Les stigmates de la crise du marché automobile sont bien visibles. Non disponibilité et cherté des véhicules, quand on en trouve, marché hebdomadaires de voitures moroses, les stickers “à vendre” ont pratiquement disparus des lunettes arrières des voitures, ce ne sont la que quelques marques visibles de cette crise qui s’est bien installé dans notre pays.

Mais d’où vient cette descente aux enfers d’un marché et d’un secteur auxquels tout le monde prédisait un avenir radieux?

Il était même prévu que ce secteur deviennent la locomotive de l’économie en Algérie, du fait de sa structuration rationnelle et aussi parce qu’il se rapprochait de plus en plus des standards et normes internationales.

La chute du prix du pétrole a été l’un des principaux facteurs, sinon le plus important, qui ont entraîné la chute du marché de l’automobile en Algérie.  En terme simple les importations se faisaient via de la devise fournie par la banque (le dinars n’étant pas encore convertible), fruit de la vente du pétrole. Une fois la devise devenue rare du fait de la chute du prix du pétrole de plus de la moitié de sa valeur, l’état a sommé les banques de ne plus en donner aux concessionnaires, et ceci via plusieurs subterfuges, dont les licences d’importations et autres quotas restrictifs.

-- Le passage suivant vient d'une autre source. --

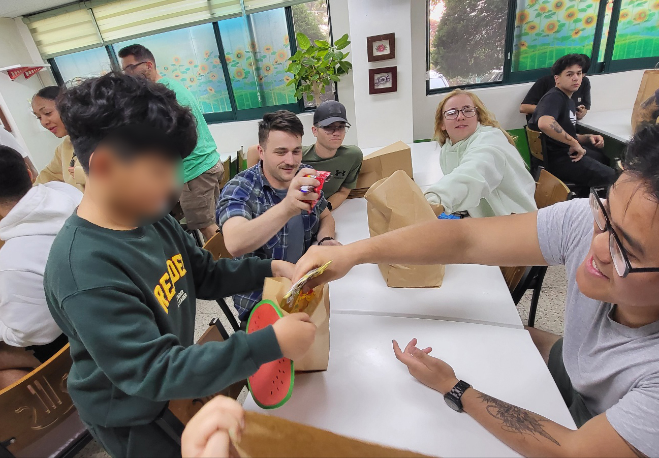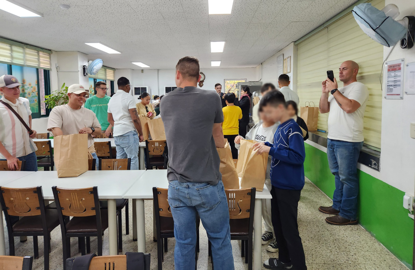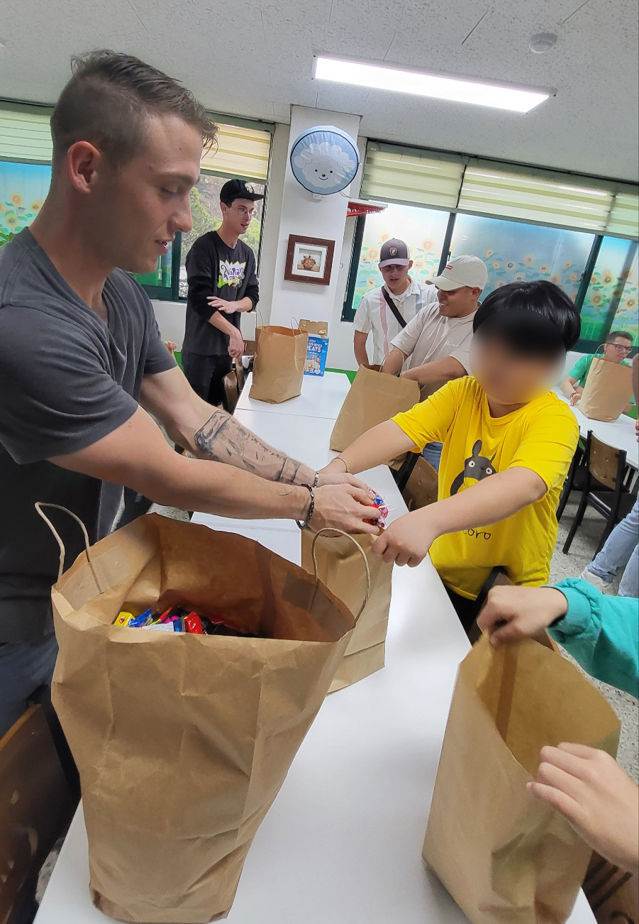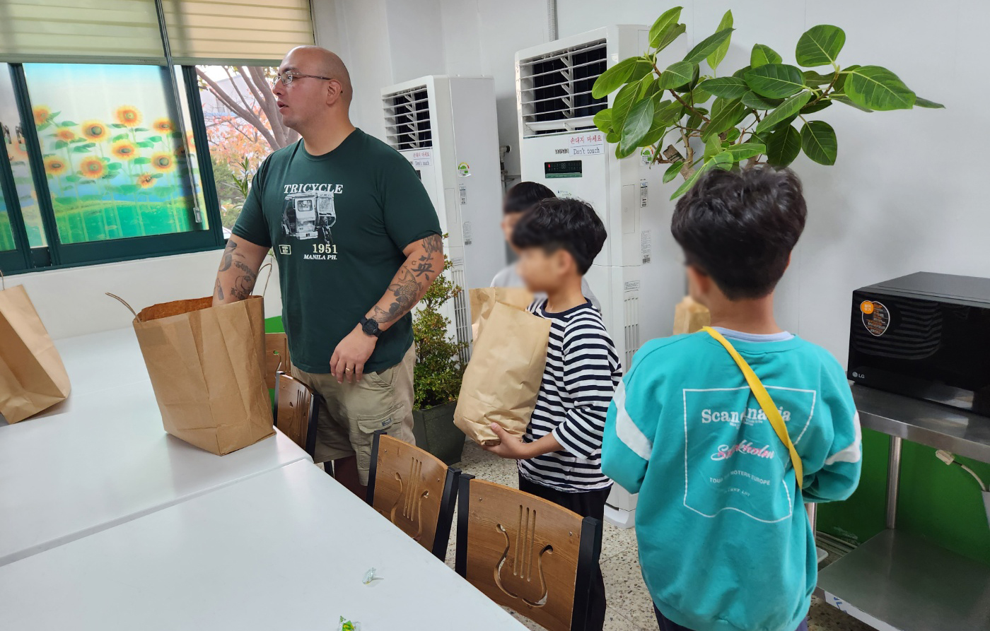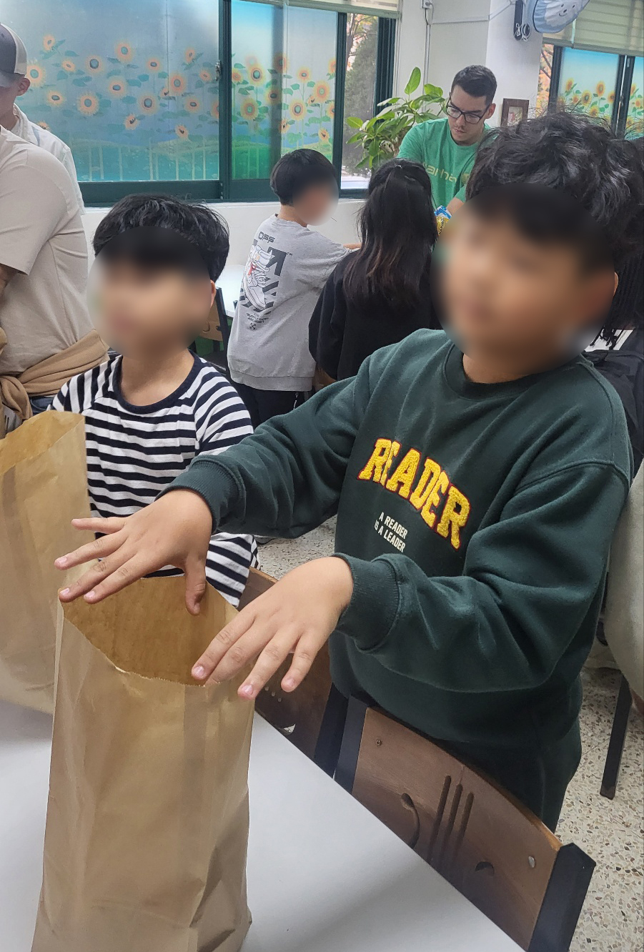 한가득 담긴 간식들에 아이들 얼굴에 웃음꽃이 피었어요:)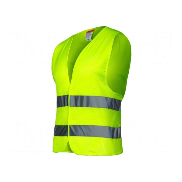 Kamizelka odblaskowa LAHTI PRO w rozmiarze L została wykonana z poliestru o gramaturze 120g/m². Element charakteryzuje się siatkową konstrukcją oraz żółtą kolorystyką, zapewniając odpowiednią widoczność w warunkach ostrzegawczych.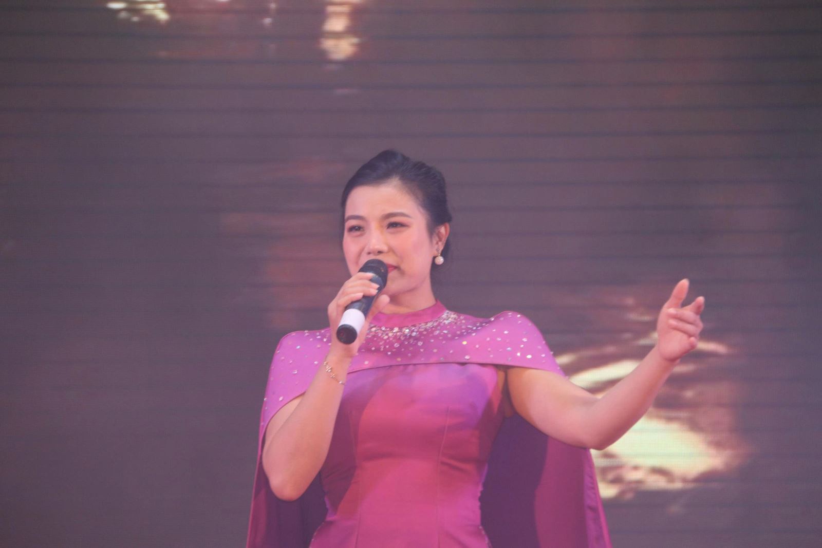 Ca sĩ NSUT Thảo Quyên - Nhà Hát chèo Hà Nội thể hiện ca khúc tại buổi lễ

Des entreprises qui ont mis des années à se former se sont retrouvé du jour au lendemain privé d’activité et poussées à la fermeture. Beaucoup d’entres elles ont commencé par dégraisser leurs masse salariale. Des employés qui se sont construit une vie et un statut dans la société se sont retrouvé, soudainement, dans une situation difficile. Les patrons de ces sociétés, eux aussi, ont investis beaucoup d’argent et de temps dans leurs affaires. Et même si certain diront qu’ils se sont bien remplis les poches lors des années faste, et personne ne le leur reproche car ils sont dans leur rôle. Il n’empêche que ce n’est pas de gaieté de cœur de voire disparaître une entreprise qui fait vivre des centaines de famille!

En somme un vrais gâchis!

Aujourd’hui avec le recentrage du marché automobile vers l’industrie et le “made in Algérie”, rien ne dit que les choses vont rentrer dans l’ordre. Car une activité commerciale ou une industrie prend du temps pour arriver et maturation. Et ne doit rien devoir au fait du prince, qui peut tout remettre en cause et détruire ce qui a été construit par le seul fait d’une directive. L’exemple récent de la destruction du secteur commerciale automobile en est le parfait exemple.

Et le consommateur dans toute cette histoire, paye la facture des errements d’un  état qui gère un pays au jour le jour et sans aucune rationalité.

Mais voila l’algérien en a pris l’habitude et relativise ce qui lui arrive en se disant il y a pire. Et vogue la galère!